Observation of the court
We have heard rival contentions and gone through facts and circumstances of the case. We noted that the AO wanted to rectify the claim of deduction u/s.36(1)(viia) of the Act which was allowed by AO and consequently while giving effect to the order of CIT(A) dated 18.07.2017 at Rs.33,42,28,494/- instead of Rs.20,00,18,732/-. According to AO, deduction u/s.36(1)(viia) of the Act is allowable only to the extent of claim made in the books of accounts i.e., provision for bad and doubtful debts made in the books of accounts and it cannot be claimed in the computation simpliciter. We noted that there is a lot of debate and it is highly debatable issue and it cannot be decided while acting u/s.154 of the Act as there is a limitation in the provisions of section 154 of the Act that only the mistake apparent from record which can be rectified but where two views are possible or there is a debate available, it cannot be rectified u/s.154 of the Act. Here is the case where the AO has allowed this claim while giving effect to the order of CIT(A) dated 18.07.2017 and that cannot be rectified while acting u/s.154 of the Act. Hence the very issue on assumption of jurisdiction, we allow in favour of assessee and against Revenue. This issue of assessee’s appeal is allowed.
Coming to the issue on merits, since we have adjudicated the issue on jurisdiction in favour of assessee, the issue on merits has become academic. Hence, we need not go into the same. Therefore, this appeal of the assessee is allowed.

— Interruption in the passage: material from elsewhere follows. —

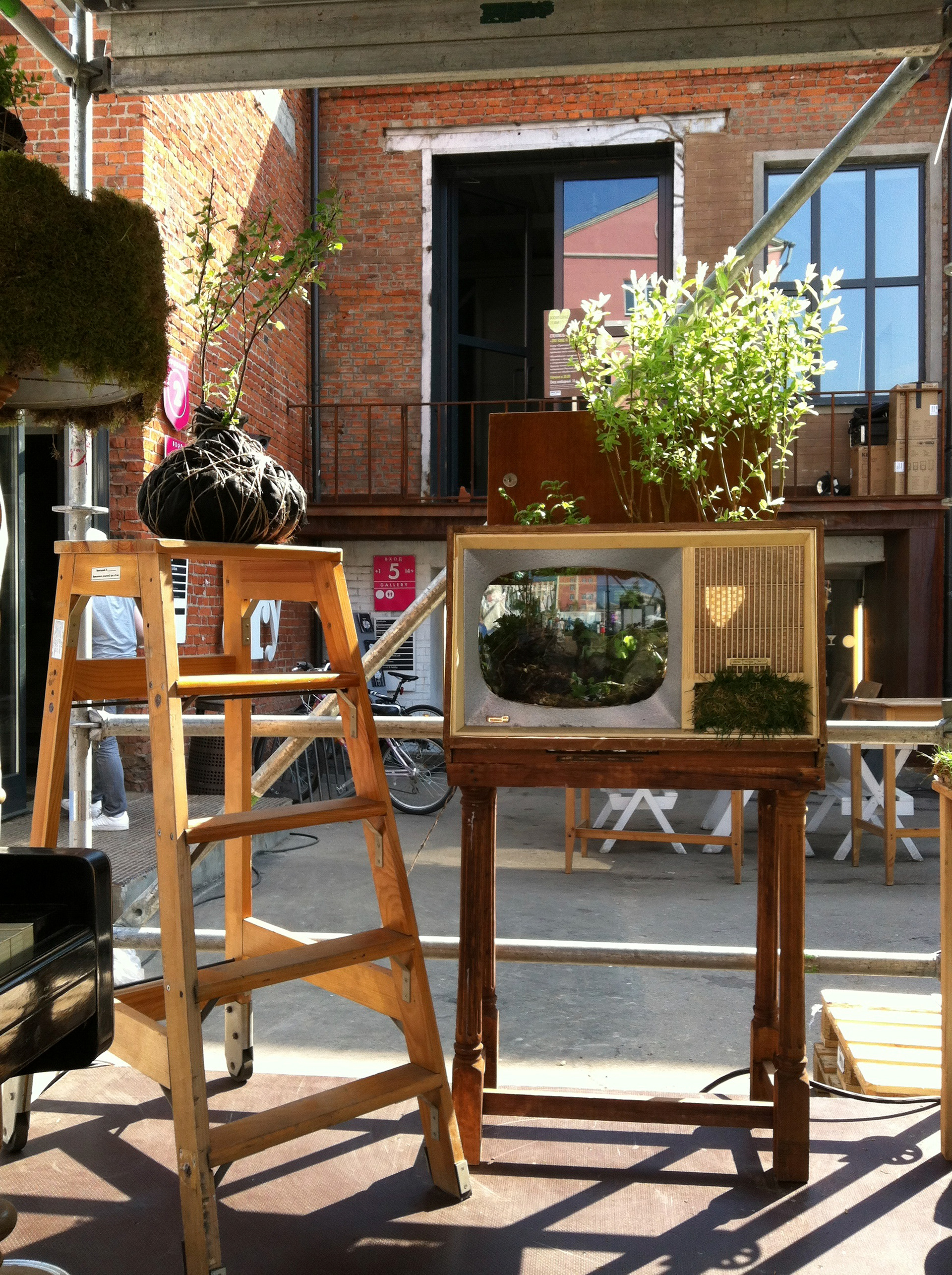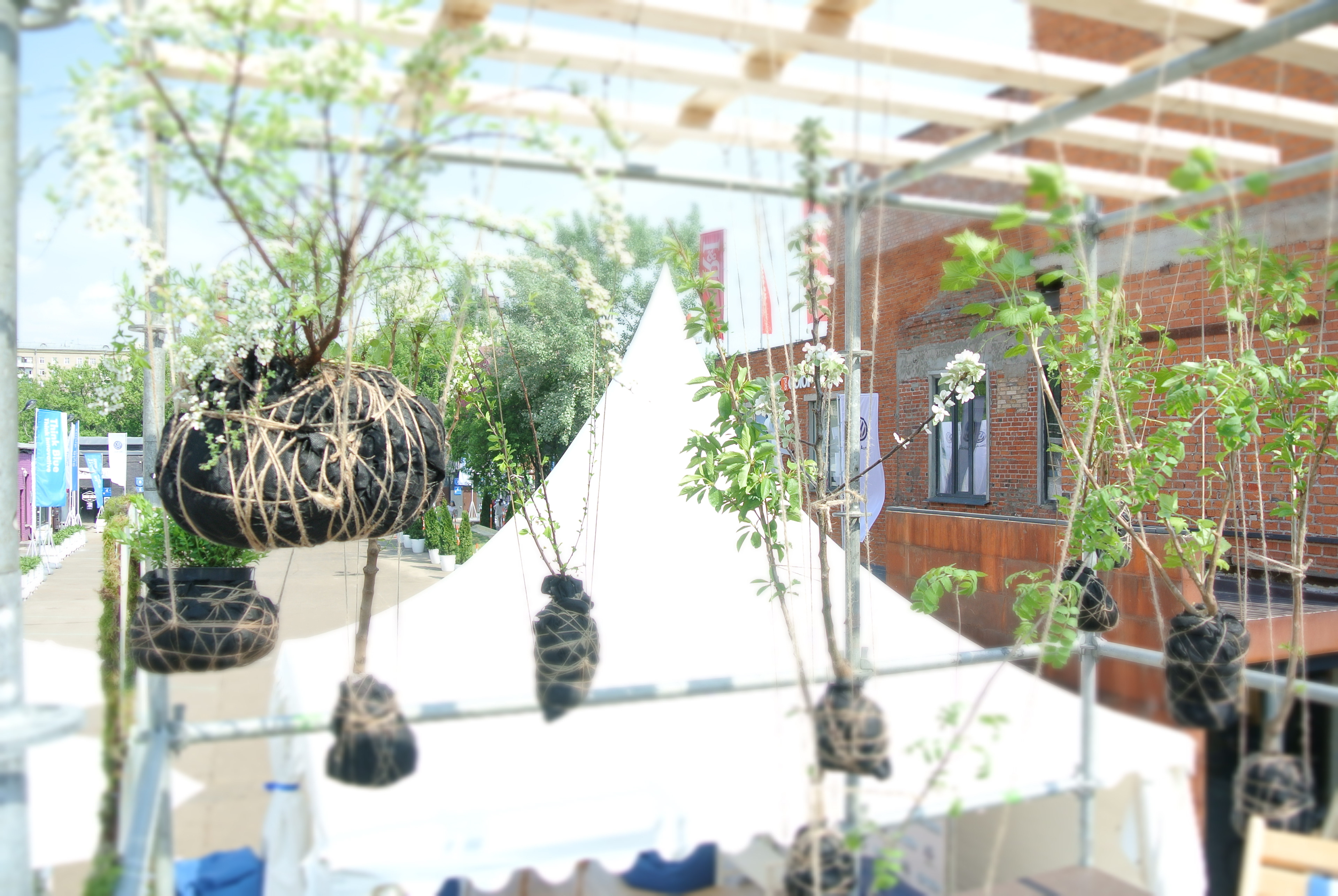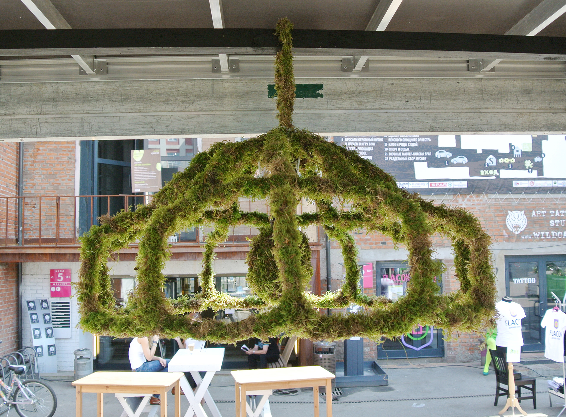 Spring festival Design-subbotnik. Two-level festival headquarters with plants growing through the furniture and all items of the interior. The upper level was developed as a sunbathing area with a little hanging garden.

In the result, the appeal filed by the Revenue in ITA No.981/CHNY/2020 is dismissed and the appeals filed by the assessees in ITA No. 2645/CHNY/2019 & ITA Nos. 854, 855, 856, 857 & 858/CHNY/2020 are dismissed and the appeal filed by the assessee in ITA No.3154/CHNY/2019 is allowed
Order pronounced in the open court on 18th October, 2023 at Chennai.